* [What this task involves]
Starting at the first line of the listing below and ending at the line with "Вот, так выглядит", copy each line exactly.

* [The data]
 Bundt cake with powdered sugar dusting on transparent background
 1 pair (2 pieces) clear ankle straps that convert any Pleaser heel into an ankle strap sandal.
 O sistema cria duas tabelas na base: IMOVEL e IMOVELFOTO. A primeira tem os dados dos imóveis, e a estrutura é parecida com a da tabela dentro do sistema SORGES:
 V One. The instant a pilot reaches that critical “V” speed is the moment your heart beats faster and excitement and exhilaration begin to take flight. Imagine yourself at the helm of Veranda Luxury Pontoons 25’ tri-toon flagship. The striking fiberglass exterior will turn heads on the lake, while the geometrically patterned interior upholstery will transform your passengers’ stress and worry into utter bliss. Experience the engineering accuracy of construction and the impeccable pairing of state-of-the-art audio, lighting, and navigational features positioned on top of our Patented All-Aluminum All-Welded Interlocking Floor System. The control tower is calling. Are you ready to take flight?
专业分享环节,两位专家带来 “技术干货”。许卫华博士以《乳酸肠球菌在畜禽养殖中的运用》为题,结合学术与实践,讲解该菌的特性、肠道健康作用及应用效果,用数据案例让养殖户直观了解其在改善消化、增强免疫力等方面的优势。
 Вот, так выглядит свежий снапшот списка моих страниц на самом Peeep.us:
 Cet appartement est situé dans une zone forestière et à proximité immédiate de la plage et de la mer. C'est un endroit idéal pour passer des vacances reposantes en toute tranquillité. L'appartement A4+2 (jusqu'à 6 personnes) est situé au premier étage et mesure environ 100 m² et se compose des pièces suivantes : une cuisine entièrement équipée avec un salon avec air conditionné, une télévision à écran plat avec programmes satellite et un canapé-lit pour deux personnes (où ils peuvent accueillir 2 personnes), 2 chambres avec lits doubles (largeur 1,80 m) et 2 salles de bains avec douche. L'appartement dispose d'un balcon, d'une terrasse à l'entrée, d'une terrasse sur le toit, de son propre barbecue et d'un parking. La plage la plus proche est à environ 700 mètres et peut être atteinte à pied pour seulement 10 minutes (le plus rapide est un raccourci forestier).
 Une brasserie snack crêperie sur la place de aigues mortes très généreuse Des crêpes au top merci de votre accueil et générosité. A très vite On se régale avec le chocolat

* [Written solution]
 Bundt cake with powdered sugar dusting on transparent background
 1 pair (2 pieces) clear ankle straps that convert any Pleaser heel into an ankle strap sandal.
 O sistema cria duas tabelas na base: IMOVEL e IMOVELFOTO. A primeira tem os dados dos imóveis, e a estrutura é parecida com a da tabela dentro do sistema SORGES:
 V One. The instant a pilot reaches that critical “V” speed is the moment your heart beats faster and excitement and exhilaration begin to take flight. Imagine yourself at the helm of Veranda Luxury Pontoons 25’ tri-toon flagship. The striking fiberglass exterior will turn heads on the lake, while the geometrically patterned interior upholstery will transform your passengers’ stress and worry into utter bliss. Experience the engineering accuracy of construction and the impeccable pairing of state-of-the-art audio, lighting, and navigational features positioned on top of our Patented All-Aluminum All-Welded Interlocking Floor System. The control tower is calling. Are you ready to take flight?
专业分享环节,两位专家带来 “技术干货”。许卫华博士以《乳酸肠球菌在畜禽养殖中的运用》为题,结合学术与实践,讲解该菌的特性、肠道健康作用及应用效果,用数据案例让养殖户直观了解其在改善消化、增强免疫力等方面的优势。
 Вот, так выглядит свежий снапшот списка моих страниц на самом Peeep.us:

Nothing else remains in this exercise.